The Polynesian family told us yes, foreigners were not allowed to stay overnight on the motus, but it wasn’t exactly illegal if you went with an islander family.
We arranged a trip in their boat to a nearby motu, taking with us our portable home: our tent.
The day dawned and we loaded our gear. The water was calm and clear, like a slow gin fizz. On the way to the first available motu, the father of the family energetically tried to spear an endangered sea turtle. We were glad he missed. The shells are worth a fortune though, we couldn’t fault him for trying.
Onshore, on mystery motu, the family laid out some nets and built a coral fire. We ended up eating unfamiliar fish cooked on corals in a kind of depression called an umu (earth oven) with coconuts pulled from nearby trees. We ate off banana leaves. We swam in the crystalline light acquamarine waters. We crisped our skin under the balled-up blaze. Then we passed around my duty-free whiskey bottle and told stories, none of them very good.
When night approached like a wine stain on a loud shirt, I felt man’s insignificance in the larger scheme of things. On this lonely desert isle, we no longer felt transient or homeless. We belonged.
It’s as simple as this: there is nothing like sleeping in a tent on a deserted island.
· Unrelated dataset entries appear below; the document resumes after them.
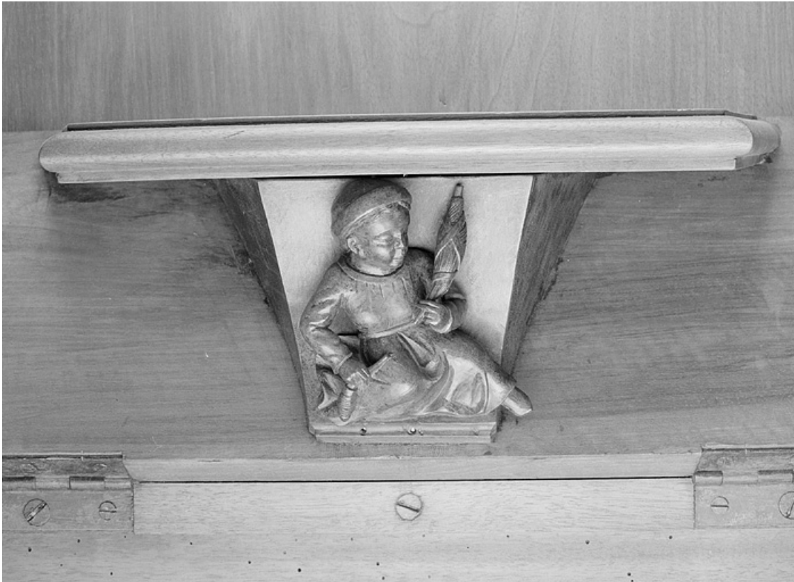
Miséricorde de la deuxième stalle haute.
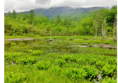
小さい花々が咲くどじょうの池

帝国ホテルでは、古い暖炉脇のソファーに座り、熱いコーヒーを注文する。参加者はここでの立ち寄りが楽しみだったようだ。買い物をしたり、コーヒーの味を楽しんだり、おしゃべりをして過ごす。
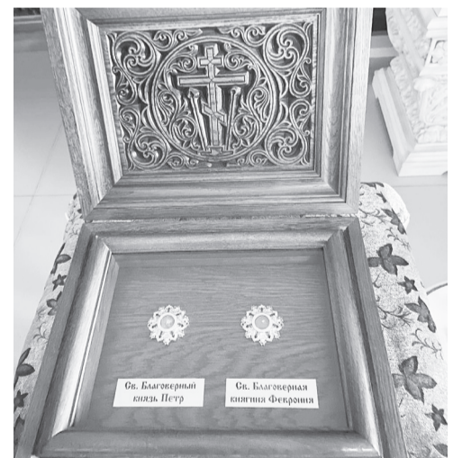
ГРАФИК ПРИНЕСЕНИЯ КОВЧЕГА С ЧАСТИЦАМИ МОЩЕЙ СВЯТЫХ БЛАГОВЕРНЫХ КНЯЗЕЙ ПЕТРА И ФЕВРОНИИ МУРОМСКИХ ПО ПРИХОДАМ МАЙКОПСКОЙ И АДЫГЕЙСКОЙ ЕПАРХИИ:

Перед смертью по благочестивому обычаю супруги приняли монашеский постриг с именами Давид и Ефросиния. Святые Петр и Феврония скончались в один день. Они завещали положить их в один гроб, который для себя приготовили. И по сей день мощи муромских чудотворцев покоятся в общей раке.
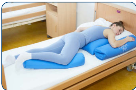
obr. 2 Semipronáčná poloha
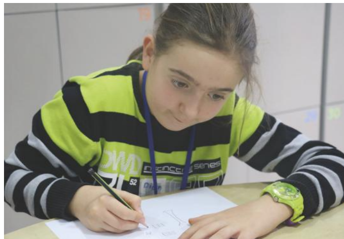
Dioni duke vizatuar për qytetarinë aktive

Jo çdo herë duhet t'i ndihmojmë vetëm vetes sonë. Neve si qenie sociale na takon dhe e kemi përgjegjësi të kujdesemi edhe për të tjerët. Duke u nisur nga ky fakt, ne kemi ndërmarrë disa iniciativa për bashkëmoshatarët tanë. Disa nga iniciativat tona i kemi paraqitur edhe në vizatimet më poshtë. Çfarë kemi bërë ne? Ne kemi mbledhur fonde për fëmijët me probleme shëndetësore, kemi mbledhur lodra për fëmijët të cilët janë jetim, si dhe kemi përgatitur dhurata për fëmijët e varfër. Nga këto veprimtari, ne jemi frymëzuar edhe më shumë që gjithmonë të jemi aktiv. Kështu sigurohet e ardhme e mirë dhe e sigurt për të gjithë. Andaj, me shumë kënaqësi iu ftojmë që të na ndihmoni të promovojmë së bashku sa më shumë qytetarinë aktive.

Even though the next day we had to leave this motu home, with absolutely nobody else upon it, I was glad to have had the experience of actually playing a Daniel Dafoe character on a bonafide deserted South Pacific island before continuing my long adventure back to the United States, with my father’s last phone call echoing in my ears, “John, when are you going to get a job?”
When we returned to Aitutaki, I gave the family a gift of a copy of Mark Twain’s The Adventures of Tom Sawyer (Unabridged Classics). Their expression said thanks, but their eyes betrayed disappointment. Maybe they were just sad to see us go. We weren’t sure if our host family did much reading. Though they went to church every Sunday, at a nice white clapboard structure, we noticed they snored like goats during the sermons.
If you find Hawaii ho-hum and Bora Bora boring, take a side trip to remote Aitutaki. Experience the real South Pacific, more perfect in person than any postcard. Where else can you confront the real remote and your fears of falling off the map?
As we prepared to leave by boat from the dock, I came across a dentally-challenged villager who appeared to be suffering from a hangover. When I told him I was American, the old guy piped up, “I heard that the Americans sent men to the moon.” The man brooded silently for a couple of seconds. “But I don’t believe this. The moon is too far.!”
Despite his laugh, I couldn’t tell if the old man, who relinquished the secret of his name, which was Neville (a carryover of Kiwi colonialism), was joking. Maybe imagining I was a writer or something in search of an ending, he delivered the perfect punchline.
But I agree: the moon is too far. The German guy I met probably subscribed to a conspiracy theory that Hollywood just hatched up the moon landing to pull the wool over the eyes of an unsuspecting public.
Instead, there are otherworldly direct flights to the Cook Island of Rarotonga! Landing on the right boat to out-of-this-world Aitutaki, after that is a matter of extreme happenstance.